Blue Collar Empire: The Untold Story of US Labor’s Global Anticommunist Crusade
Blue Collar Empire: The Untold Story of US Labor’s Global Anticommunist Crusade by Jeff Schuhrke (Brooklyn: Verso Books, 2024)
This is not Boyer and Morais’, Labor’s Untold Story but a newer story about labor’s anti-communist crusade. It is an important book which will be read by scholars but I don’t see these readers as key. The younger readers who have more recently entered the labor force and are beginning to learn about organized labor seem to me to be the key readers. The odds are that they have not been exposed to the massive anti-communism of the earlier Cold War and probably are new/confused by the red-baiting they might be confronting. For these readers the introduction to the book provides the post WWII domestic Cold War background to the foreign policy that follows and is the focus of most of this book. After the massive strikes (electrical, steel, and auto) of 1946, and after Churchill’s 1946 “Iron Curtain” speech in Missouri, the partners of corporate America in Congress passed the Taft-Hartley Act of 1947. By the late 1940s the CIO had expelled many of its left-wing affiliates and the influence of the House Un-American Activities Committee (HUAC) hearings had managed to jail many of those who refused to co-operate. In reality the US anti-Soviet policy was not a result of post-war spontaneous generation. The history of the AFL (particularly the role of Gompers) was clearly antagonistic to class struggle interpretation. The AFL’s George Meany’s speech in NYC (even before the conclusion of WWII while the US and USSR were officially allies) talked about the evils of Soviet labor unions. Within weeks of FDR’s death, Truman told “the Russians to go to hell”. This is an extensive anti-communism that dominated the second half of the 20th century. Clearly the chief beneficiary of the history detailed here is corporate America. We should keep this in mind when thinking about labor’s complicity with US foreign policy during this time. At
the 1949 CIO convention Phillip Murray claimed that the CIO pulled out of the World Federation of Trade Unions (WFTU) because of its opposition to the Marshall Plan. However, CIO news reports from 1950 claimed that US money provided under the Marshall Plan was not used to address the needs of European workers but for propping up corporate interests to re-build and modernize capitalist infrastructure. The Marshall Plan was key in establishing a post-war capitalist order (specifically in the Europe most devastated by the war). Jeff Schuhrke’s book has three parts: 1)1945-1960, 2)1960-1973, and 3)1973-1995. By presenting AFL-CIO and US government foreign interventions chronologically, we can trace the developments at home and abroad and understand how these actions affect each other.

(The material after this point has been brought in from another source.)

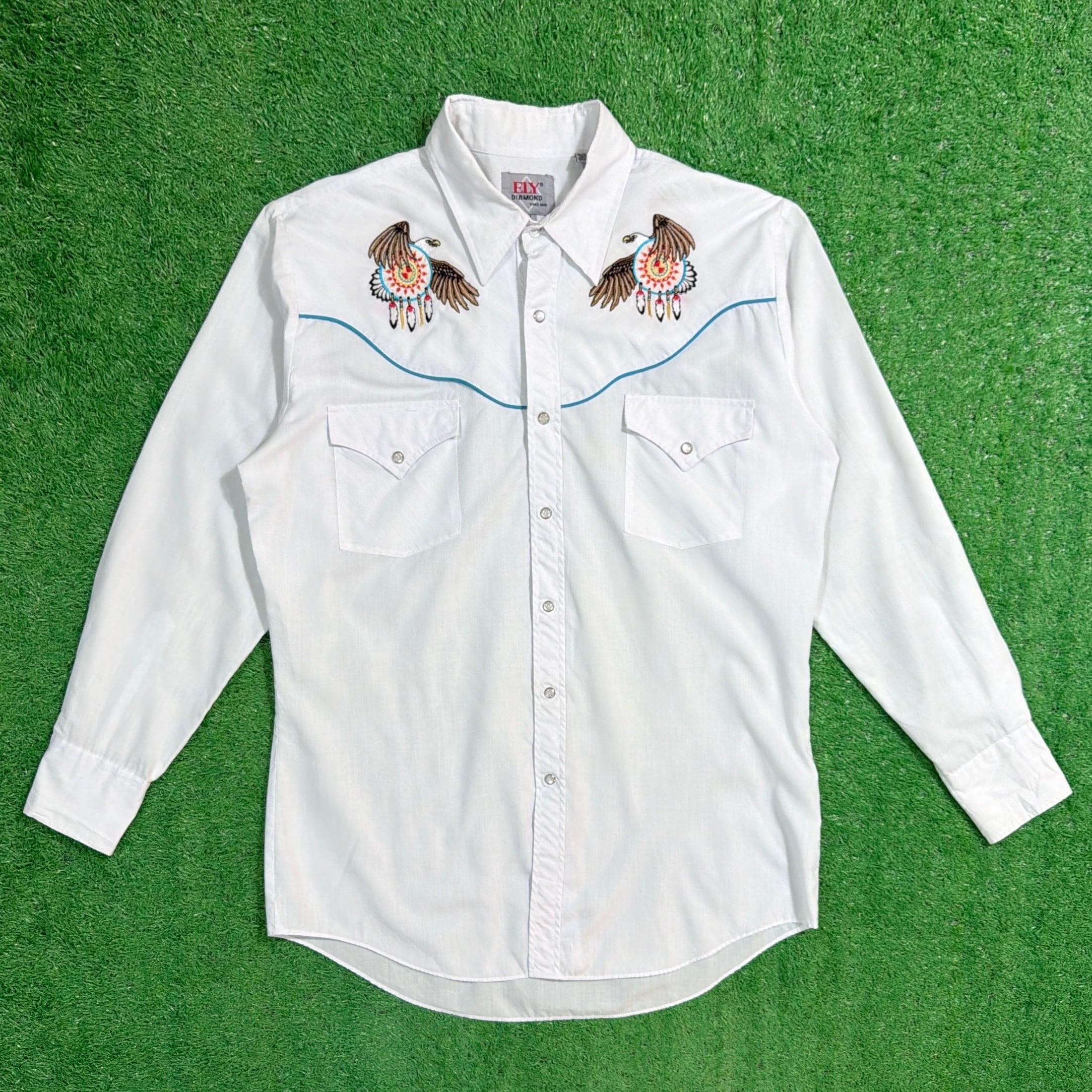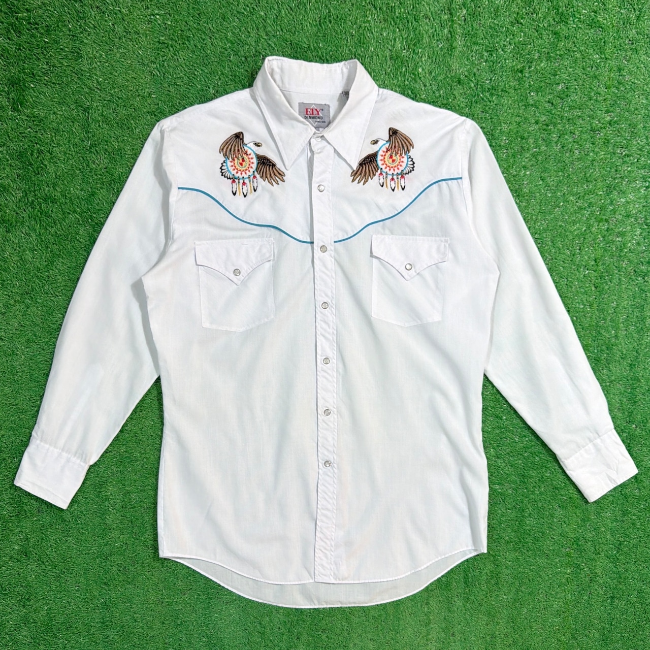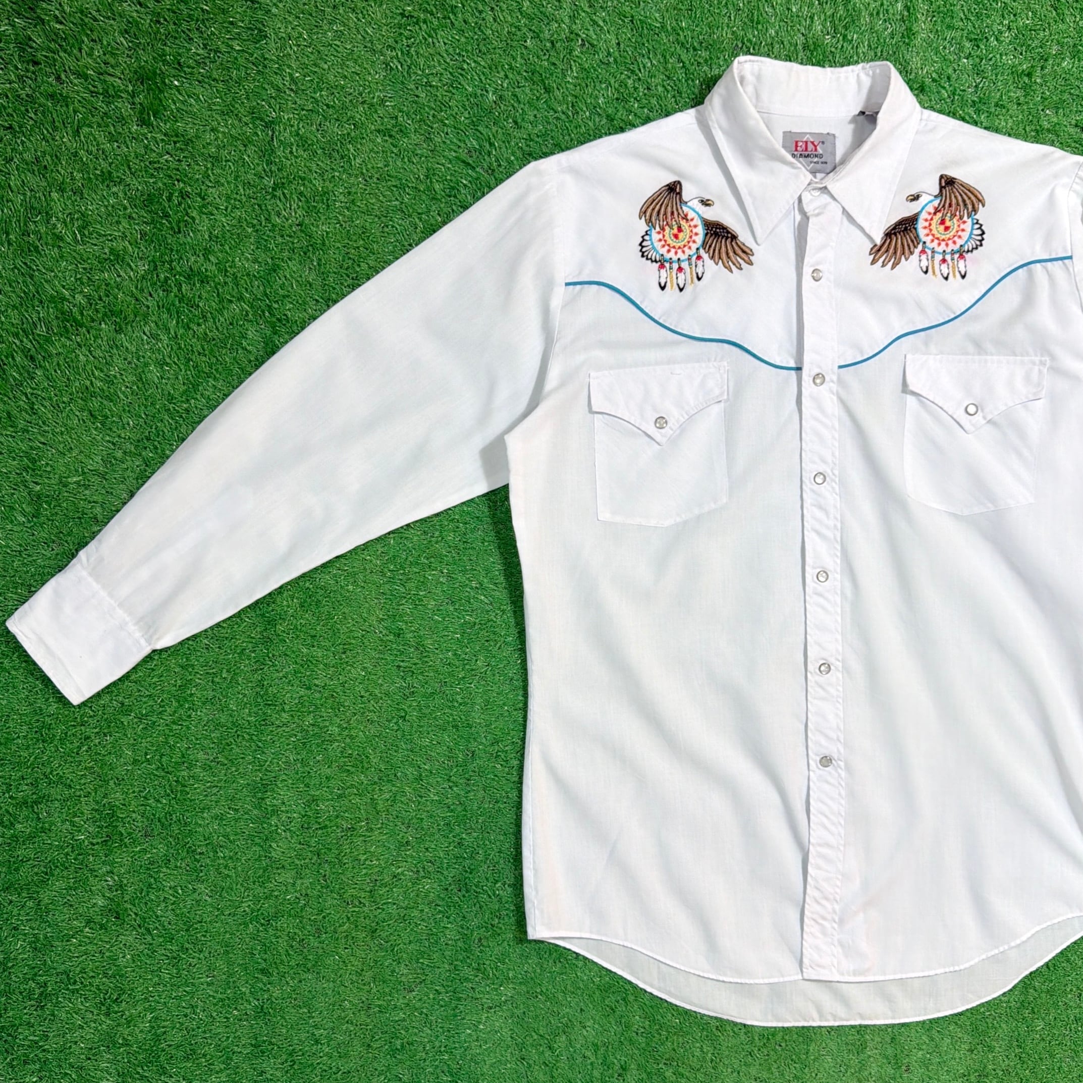 【Men's】 90s イーグル & ドリームキャッチャー 刺繍入り ウエスタンシャツ / 90年代 古着 シャツ ウエスタン ウェスタン ウェスタンシャツ 白 メンズ ネイティブアメリカン メンズ 1431

Part One focuses on the Free Trade Union Committee (FTUC, created in 1944). The key players are Meany, Woll and Dubinsky. Minor introductions to the club include Lovestone, Zimmerman, Martin and Brown. The early efforts of the FTUC were concentrated on France in an effort to split the French trade unions federation (CGT) and substantially weaken French labor unions. This was an integral goal of the Marshall Plan. During this first part of the book we see the entrance of what was to become the CIA’s influence in Latin American labor unions. Here Romualdi is Dubinsky’s man who represented Rockefeller interests as well as those of the State Department. Also during this time we trace the role of UAW’s Walter Reuther from one of the militant founders of the CIO to one of the auto union’s major anti-communists during and after the war. The National War Labor Board was instrumental in recruiting union members (9 million in 1940 to 15 million in 1946). This, of course, guaranteed production of war materiel but also required no strikes during the war. In this transition from war to peacetime, Walter Reuther was instrumental in creating a less democratic, organizationally top-down UAW where he was key in expelling left-wing UAW members as well as CIO affiliates after the enactment of Taft-Hartley. He said, in 1946, “Labor is not fighting for a larger slice of the pie. Labor is fighting for a larger pie” (p. 69). Thus begins the economic hegemony of the US which relies on broadening imperialism. This is an early link to organized labor’s support of the military-industrial complex (to which Eisenhower later alludes). Here part one of the book describes the International Confederation of Free Trade Unions (ICFTU) and collaboration with the CIA in Argentina, Guatemala and Cuba. Part One concludes with the merger of the AFL and the CIO because by 1955 the two were not defined by the differences they once had. By 1958 the FTUC was dead and Lovestone and Brown had cemented their relationship to the CIA for the next decades. By the end of the Korean War it was becoming clear, if one was paying attention, that by yielding to Cold War pressures, organized labor had been significantly weakened.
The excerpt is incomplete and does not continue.